Barry Song <21cnbao@xxxxxxxxx> · Tue, 27 Feb 2024 22:01:00 +1300

On Tue, Feb 27, 2024 at 9:33 PM Yin Fengwei <fengwei.yin@xxxxxxxxx> wrote:
>
>
>
> On 2/27/24 15:54, Barry Song wrote:
> > On Tue, Feb 27, 2024 at 8:42 PM Yin Fengwei <fengwei.yin@xxxxxxxxx> wrote:
> >>
> >>
> >>
> >> On 2/27/24 15:21, Barry Song wrote:
> >>> On Tue, Feb 27, 2024 at 8:11 PM Barry Song <21cnbao@xxxxxxxxx> wrote:
> >>>>
> >>>> On Tue, Feb 27, 2024 at 8:02 PM Yin Fengwei <fengwei.yin@xxxxxxxxx> wrote:
> >>>>>
> >>>>>
> >>>>>
> >>>>> On 2/27/24 14:40, Barry Song wrote:
> >>>>>> On Tue, Feb 27, 2024 at 7:14 PM Yin Fengwei <fengwei.yin@xxxxxxxxx> wrote:
> >>>>>>>
> >>>>>>>
> >>>>>>>
> >>>>>>> On 2/27/24 10:17, Barry Song wrote:
> >>>>>>>>> Like if we hit folio which is partially mapped to the range, don't split it but
> >>>>>>>>> just unmap the mapping part from the range. Let page reclaim decide whether
> >>>>>>>>> split the large folio or not (If it's not mapped to any other range,it will be
> >>>>>>>>> freed as whole large folio. If part of it still mapped to other range,page reclaim
> >>>>>>>>> can decide whether to split it or ignore it for current reclaim cycle).
> >>>>>>>> Yes, we can. but we still have to play the ptes check game to avoid adding
> >>>>>>>> folios multiple times to reclaim the list.
> >>>>>>>>
> >>>>>>>> I don't see too much difference between splitting in madvise and splitting
> >>>>>>>> in vmscan.  as our real purpose is avoiding splitting entirely mapped
> >>>>>>>> large folios. for partial mapped large folios, if we split in madvise, then
> >>>>>>>> we don't need to play the game of skipping folios while iterating PTEs.

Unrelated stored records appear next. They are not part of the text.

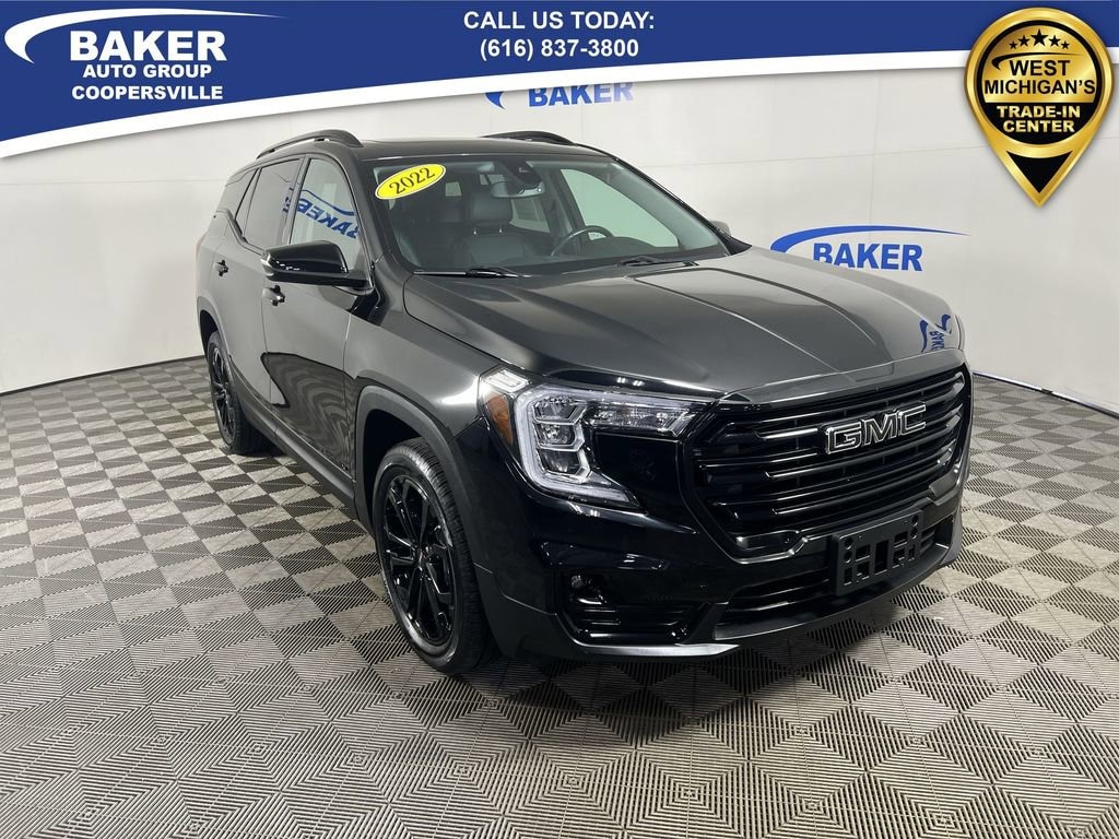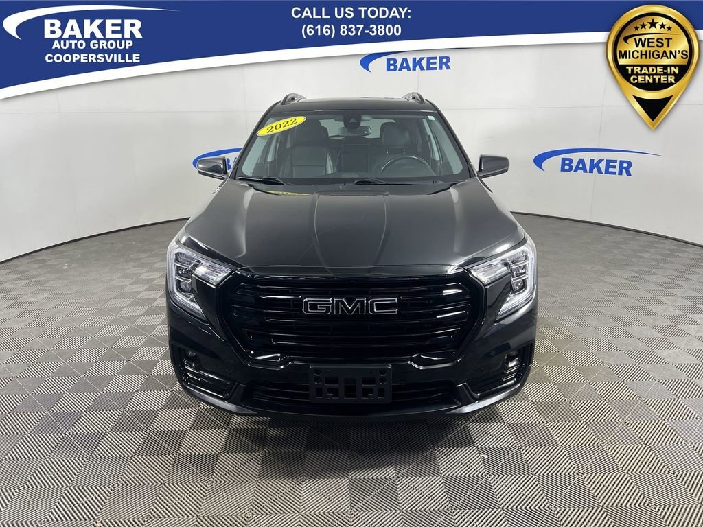 New Price! Ebony Twilight Metallic 2022 GMC Terrain SLT AWD 9-Speed Automatic 1.5L DOHC Non-Smoker, ONE Owner, no accidents, CARFAX CERTIFIED,, CAR BRAVO CERTIFIED - 12 month/12,000 mile Limited Bumper to Bumper Warranty!, Terrain SLT, 1.5L DOHC, 9-Speed Automatic, AWD, Ebony Twilight Metallic, Black Leather, 6-Way Power Front Passenger Seat, 8-Way Power Driver Seat Adjuster, Adaptive Cruise Control, Black GMC Center Caps w/Red GMC Lettering, Black Mirror Caps, Bluetooth® For Phone, Darkened Front Grille, Elevation Edition, Front Passenger 2-Way Power Lumbar, GMC Pro Safety Plus, Heated front seats, Heated steering wheel, Infotainment Package II, Lane Change Alert w/Side Blind Zone Alert, License Plate Front Mounting Package, Memory seat, Power Driver Lumbar Control, Power driver seat, Power Liftgate, Preferred Equipment Group 4SA, Premium 7-Speaker Bose Sound System w/Amplifier, Radio: GMC Infotainment Audio System w/Navigation, Rear Cross-Traffic Alert, Rear Park Assist, Roof-Mounted Luggage Rack Side Rails, Safety Alert Seat, Skyscape Power Sunroof w/Power Sunscreen, Wheels: 19 x 7.5 Gloss Black Painted Aluminum, Wireless Apple CarPlay/Wireless Android Auto.
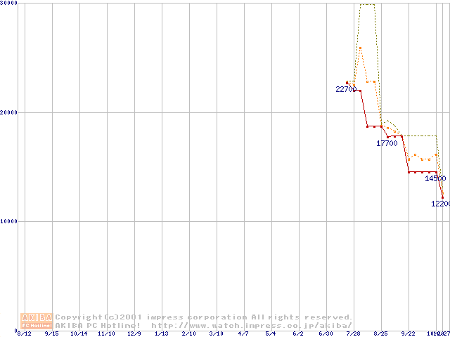 PC100 SDRAM DIMM CasLatency=2 ECC対応 Registeredタイプの最安値推移
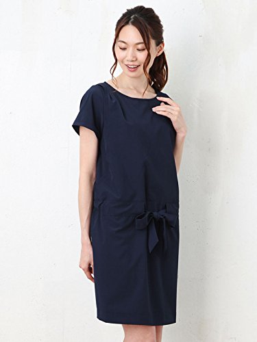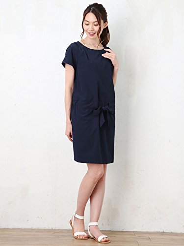 Angeliebe エンジェリーベ 産後用 ワンピース 授乳 ウェア フロント リボン ストレッチ ワンピ 授乳服 ママ 半袖 M ネイビー
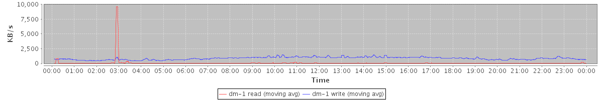 avg(dm-3 read) = 0.62 avg(dm-3 write) = 18.80
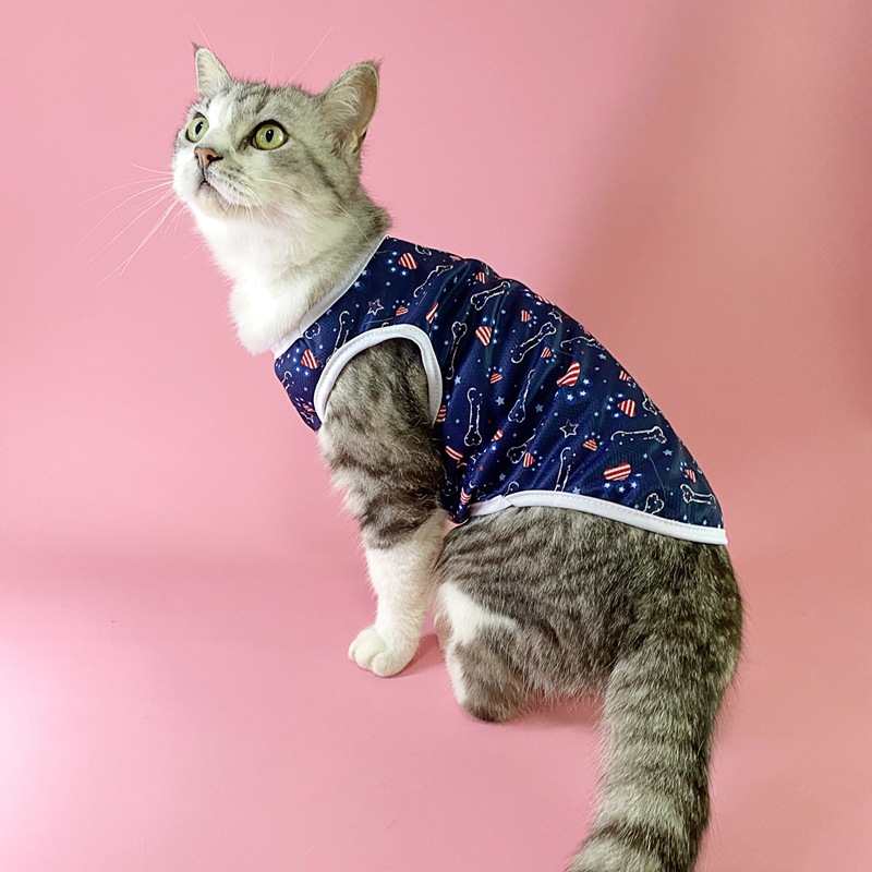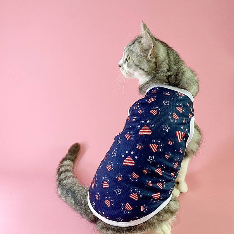 아마존 새로운 여름 유럽과 미국 독립 기념일 깃발 얇은 통기성 조끼 애완 동물 고양이 개 스타 인쇄 조끼스토어 가기

> >>>>>>>> if we don't split in madvise, we have to make sure the large folio is only
> >>>>>>>> added in reclaimed list one time by checking if PTEs belong to the
> >>>>>>>> previous added folio.
> >>>>>>>
> >>>>>>> If the partial mapped large folio is unmapped from the range, the related PTE
> >>>>>>> become none. How could the folio be added to reclaimed list multiple times?
> >>>>>>
> >>>>>> in case we have 16 PTEs in a large folio.
> >>>>>> PTE0 present
> >>>>>> PTE1 present
> >>>>>> PTE2 present
> >>>>>> PTE3  none
> >>>>>> PTE4 present
> >>>>>> PTE5 none
> >>>>>> PTE6 present
> >>>>>> ....
> >>>>>> the current code is scanning PTE one by one.

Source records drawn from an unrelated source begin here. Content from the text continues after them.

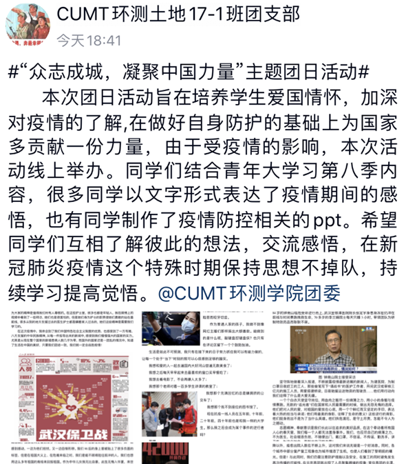 3月11日至12日,土地17-1班团支部在线上举办了“众志成城,凝聚中国力量”主题团日活动。本次活动旨在培养学生爱国情怀,加深对疫情的了解,在做好自身防护的基础上为国家多贡献一份力量。同学们积极响应,投稿了文章、幻灯片等多种形式的作品,表达自己的所感所想。
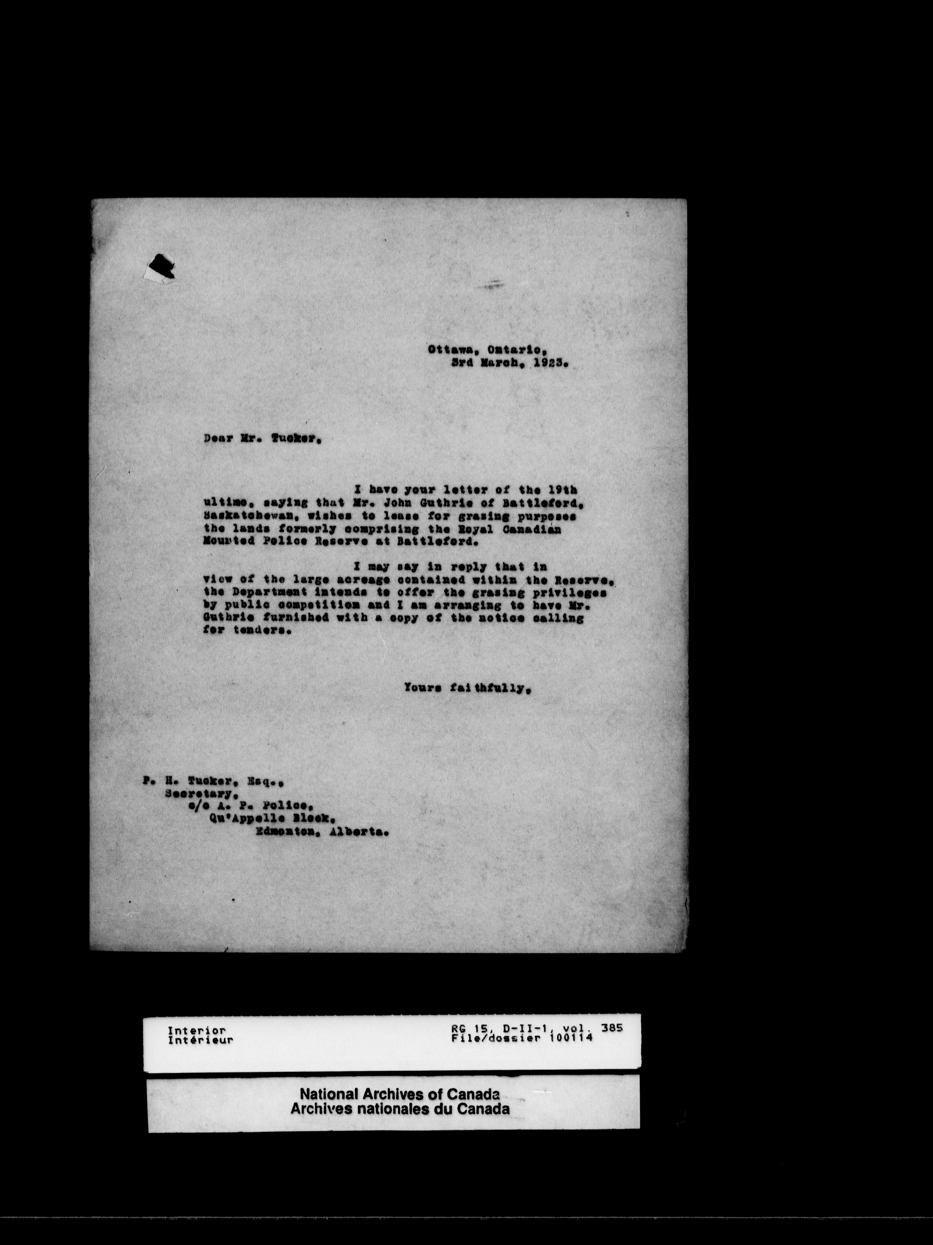 Central registry subject files created by the Dominion Lands Branch - 13098
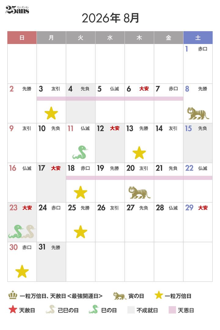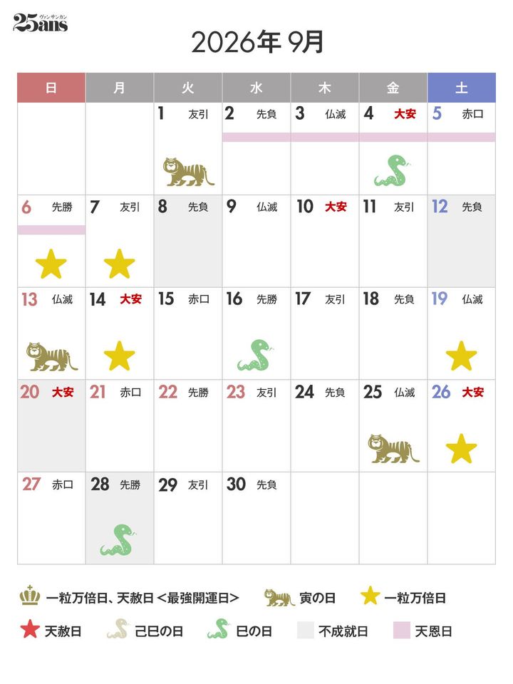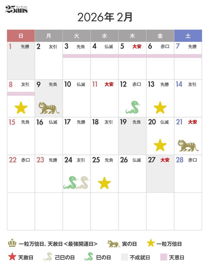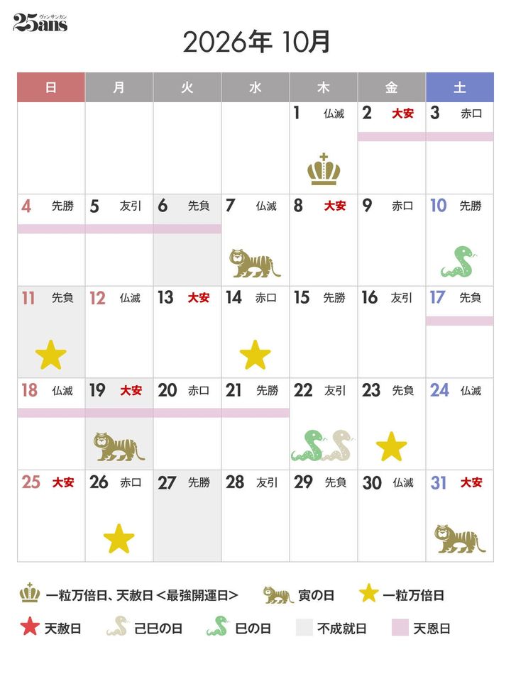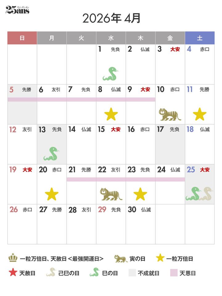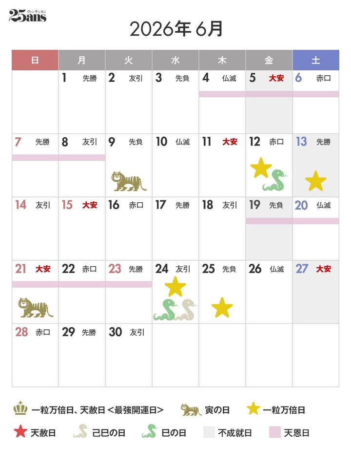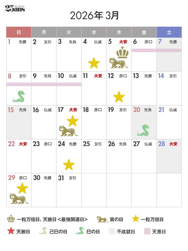 最上の吉日である天赦日に、大安一粒万倍日寅の日がすべて重なる、2026年屈指の最強開運日! お財布の新調、宝くじの購入、大きな契約や決断など、あらゆる勝負事におすすめです。

> >>>>>> while scanning PTE0, we have added the folio. then PTE1, PTE2, PTE4, PTE6...
> >>>>> No. Before detect the folio is fully mapped to the range, we can't add folio
> >>>>> to reclaim list because the partial mapped folio shouldn't be added. We can
> >>>>> only scan PTE15 and know it's fully mapped.
> >>>>
> >>>> you never know PTE15 is the last one mapping to the large folio, PTE15 can
> >>>> be mapping to a completely different folio with PTE0.
> >>>>
> >>>>>
> >>>>> So, when scanning PTE0, we will not add folio. Then when hit PTE3, we know
> >>>>> this is a partial mapped large folio. We will unmap it. Then all 16 PTEs
> >>>>> become none.
> >>>>
> >>>> I don't understand why all 16PTEs become none as we set PTEs to none.

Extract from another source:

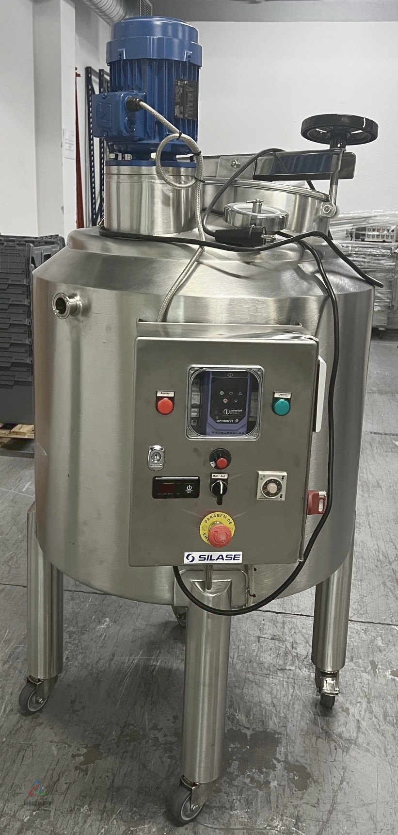 Descriptif : état NEUF – non utilisé. Cuve d’agitation, cuve à agitation. Double parois (double peau) mélangeur avec agitateur 3 lames ; Poste de commande avec variateur électrique …
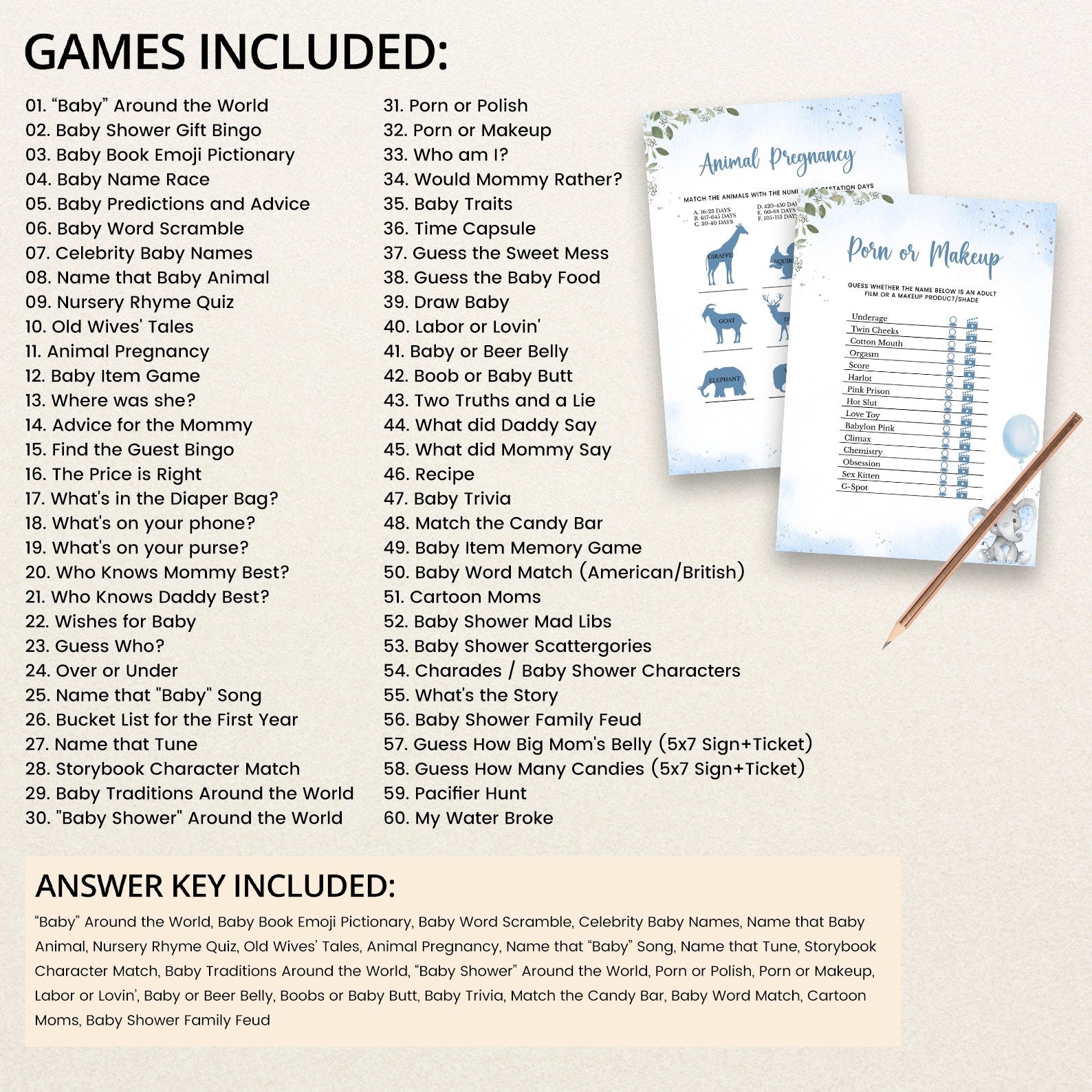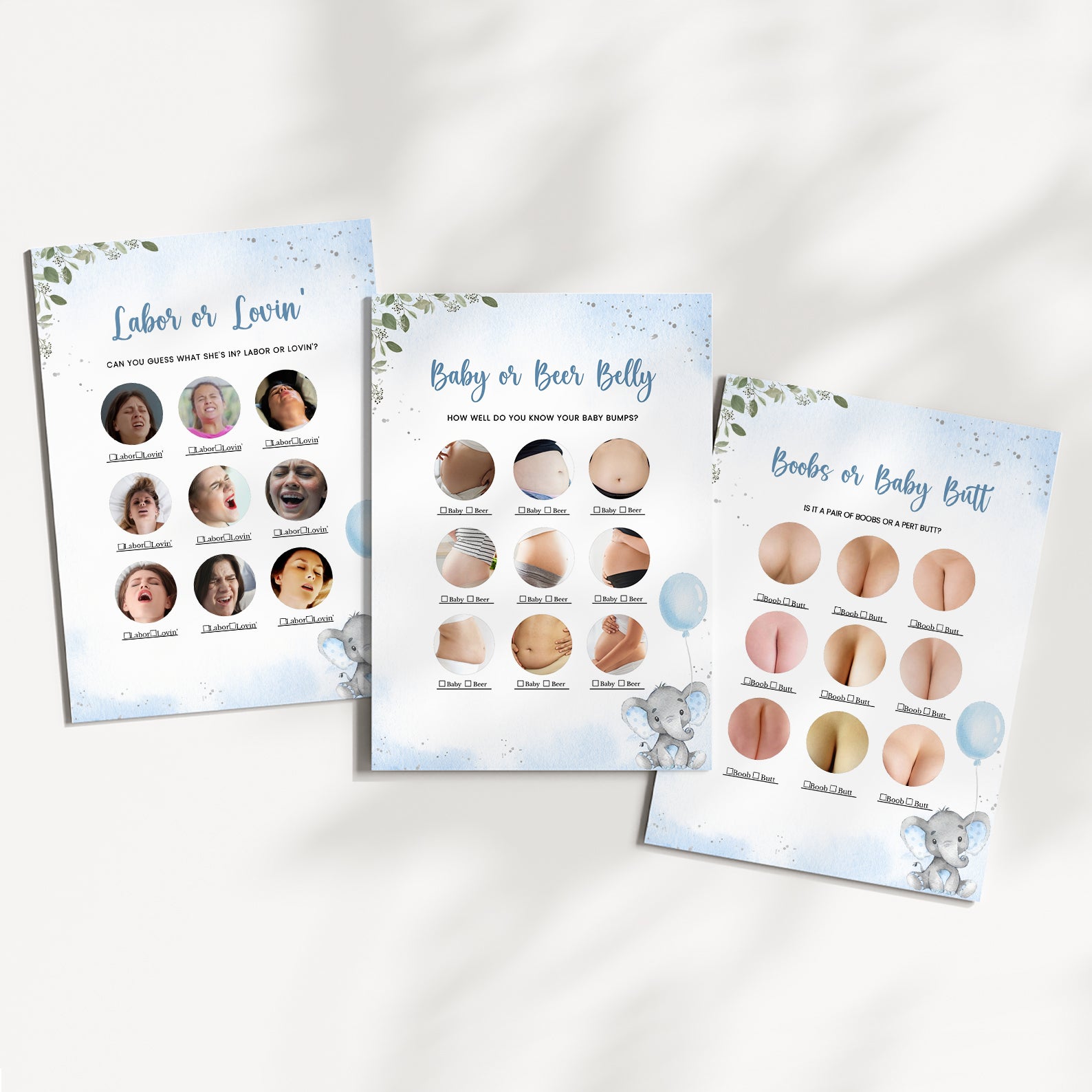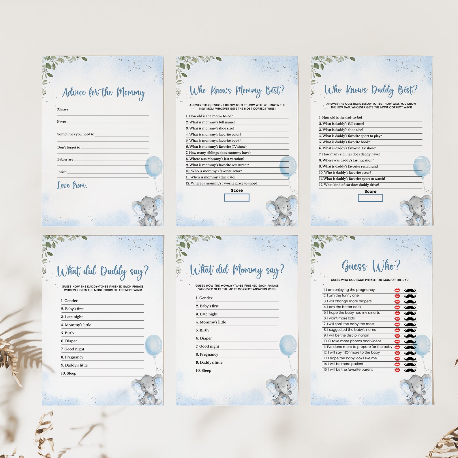 Oh Baby Blue Elephant Baby Shower Game Bundle with Leaves

> >>>> we set PTEs to swap entries till try_to_unmap_one called by vmscan.
> >>>>
> >>>>>
> >>>>> If the large folio is fully mapped, the folio will be added to reclaim list
> >>>>> after scan PTE15 and know it's fully mapped.
> >>>>
> >>>> our approach is calling pte_batch_pte while meeting the first pte, if
> >>>> pte_batch_pte = 16,
> >>>> then we add this folio to reclaim_list and skip the left 15 PTEs.
> >>>
> >>> Let's compare two different implementation, for partial mapped large folio
> >>> with 8 PTEs as below,
> >>>
> >>> PTE0 present for large folio1
> >>> PTE1 present for large folio1
> >>> PTE2 present for another folio2
> >>> PTE3 present for another folio3
> >>> PTE4 present for large folio1
> >>> PTE5 present for large folio1
> >>> PTE6 present for another folio4
> >>> PTE7 present for another folio5
> >>>
> >>> If we don't split in madvise(depend on vmscan to split after adding
> >>> folio1), we will have
> >> Let me clarify something here:
> >>
> >> I prefer that we don't split large folio here. Instead, we unmap the
> >> large folio from this VMA range (I think you missed the unmap operation
> >> I mentioned).
> >
> > I don't understand why we unmap as this is a MADV_PAGEOUT not
> > an unmap. unmapping totally changes the semantics. Would you like
> > to show pseudo code?
> Oh. Yes. MADV_PAGEOUT is not suitable.
>
> What about MADV_FREE?

we can't unmap either. as MADV_FREE applies to anon vma.  while a
folio is marked lazyfree, we move anon folio to file LRU. if somebody
writes the folio afterwards, we take the folio back; if nobody writes it
before vmscan gets it in the file LRU, we can reclaim it by setting PTEs
to none. we can't immediately unmap a large folio at the time
MADV_FREE is called.  immediate unmap is the behavior of MADV_DONTNEED
but not MADV_FREE.

>
> >
> > for MADV_PAGEOUT on swap-out, the last step is writing swap entries
> > to replace PTEs which are present. I don't understand how an unmap
> > can be involved in this process.
> >
> >>
> >> The intention is trying best to avoid splitting the large folio. If
> >> the folio is only partially mapped to this VMA range, it's likely it
> >> will be reclaimed as whole large folio. Which brings benefit for lru
> >> and zone lock contention comparing to splitting large folio.
> >
> > which also brings negative side effects such as redundant I/O.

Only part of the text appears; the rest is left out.